This guide to mastering the art of pencil drawing offers clear, concise instruction on composition, outline, proportion, perspective, light and shade, and individual style. Its 66 illustrations encompass many subjects — mainly architectural, but also people, animals, and landscapes — and demonstrate a variety of techniques, with insights and guidance for every artist.
”If one desires to learn to draw, let him draw and draw and draw.”
Fantastic book on pencil drawing, especially the first chapters are a gold mine of knowledge. It gets a little repetitive in the second half and is very much geared towards a job that doesn’t exist anymore (who hires an illustrator to design a building these days). The book is also very text heavy and the formatting is not great either, but honestly you can’t expect a modern layout from a book that’s 100 years old. Anyways, brb gushing over Guptill’s pencil renders.
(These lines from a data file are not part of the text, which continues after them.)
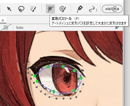次に、変形パスツールを選択し、このまぶた(眼球?)の内側を囲うようにパスを書きます。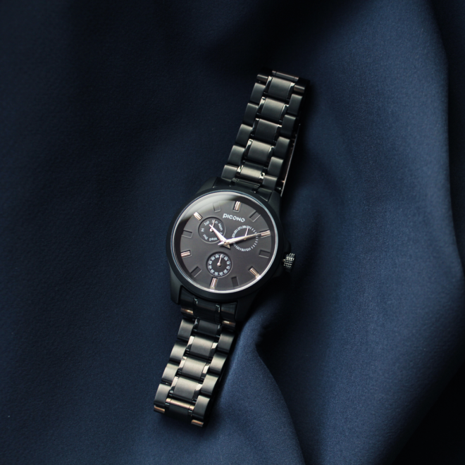 單色系的簡單雙層三眼錶面設計,運用前後重疊方式,為錶款帶入層次感,外觀則是以質感滿分的不鏽鋼材質為主。簡約而時尚的錶款,是每個人都需擁有一支。
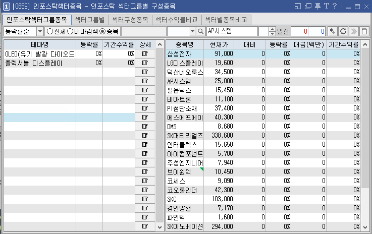 인포스탁섹터 통해 확인한바 롤러블디스플레이 섹터는 보이지 않아서 플렉서블 디스플레이, 그리고 OLED 섹터를 확인해보았고 두 섹터 모두 겹치는 종목으로 관련주를 뽑아보았습니다.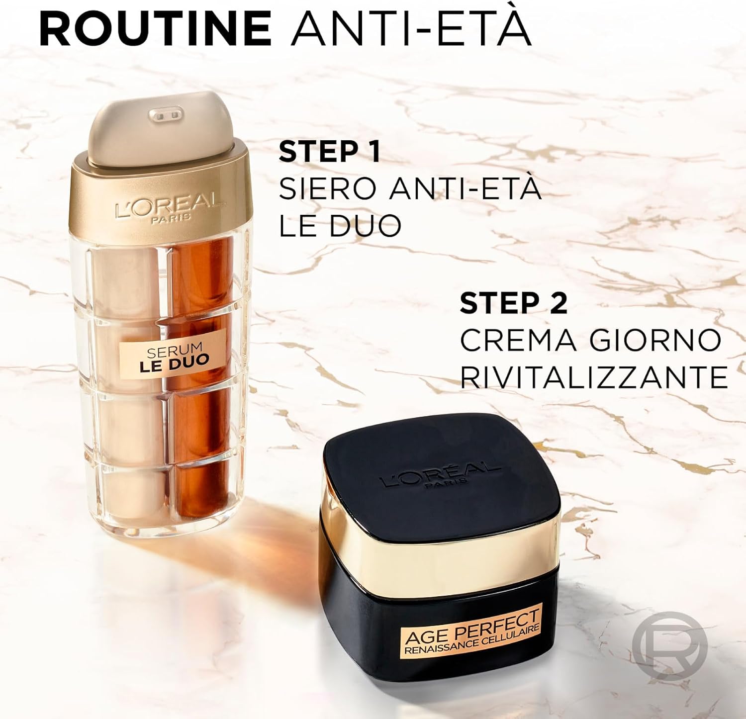 Produktbeschreibung Anti-Aging-Serum mit doppelter Wirkung, das Falten und stumpfen Teint entgegenwirkt für eine sofort strahlende und verjüngte Haut, dermatologisch getestet und für alle Hauttypen geeignet – Straffere Haut nach 1 Woche, deutlich reduzierte Fältchen, heller, kompakter und gleichmäßiger Teint – Aktivieren Sie den Spender durch mehrmaliges Drücken und tragen Sie das Serum mit kreisenden Bewegungen auf die gereinigte Haut von Gesicht und Hals auf. ari vor der Tagescreme o der Nachtroutine der Linie Age Perfect – Formel mit leichter Textur, angereichert mit Kollagen-Peptiden und Vitaminen B3 und C, die das Hautgewebe regeneriert und Festigkeit, Festigkeit und Volumen verleiht und Falten und feine Linien beseitigt – Inhalt: 1 x L’Oréal Paris Anti-Aging-Serum, für alle Hauttypen, doppelte Wirkung, straffend und aufhellend, weiche und nährende Haut, ohne Falten, mit Klebstoff. Agen und Vitamine B3 und C Age Perfect 30ml Warnhinweise Die Inhaltsstofflisten der Produkte unserer Marke werden regelmäßig aktualisiert. Bitte lesen Sie die Liste auf der Produktverpackung, um sicherzustellen, dass die Inhaltsstoffe für Ihren persönlichen Gebrauch geeignet sind.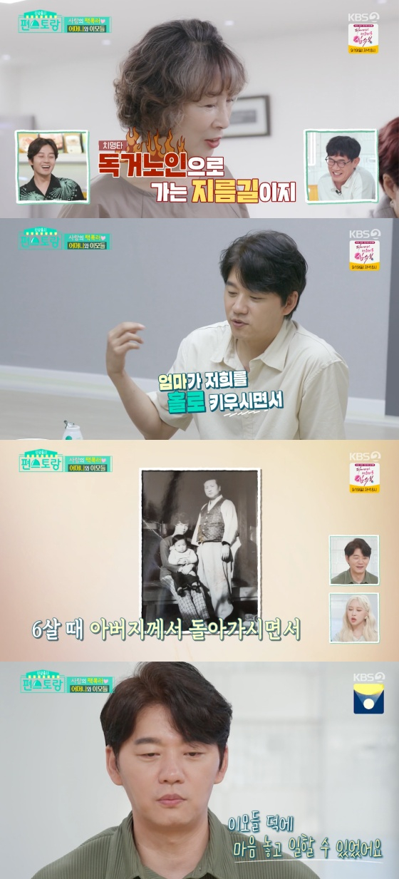 이어 "일하면서 집에 없을 때가 많았는데 이모님들이 어머니를 자주 만나고 여행도 같이 다녀서 그게 감사했다"며 마음을 표현했다. 이모들 덕에 마음 놓고 일할 수 있었던 김승수였다.

This is a 2007 unabridged republication of Sketching and Rendering in Pencil, originally published by The Pencil Points Press, Inc. New York, 1922. Although modern drawing instruction books include many of the same points, this book definitely has the feel of an earlier time, including more detail than one usually finds today and expecting a longer period of drawing apprenticeship and more disciplined practice than is now common. This book also differs from some others I have seen in that while it covers a variety of drawing subject matter, it focuses on the pencil drawing skills needed for the student of architecture.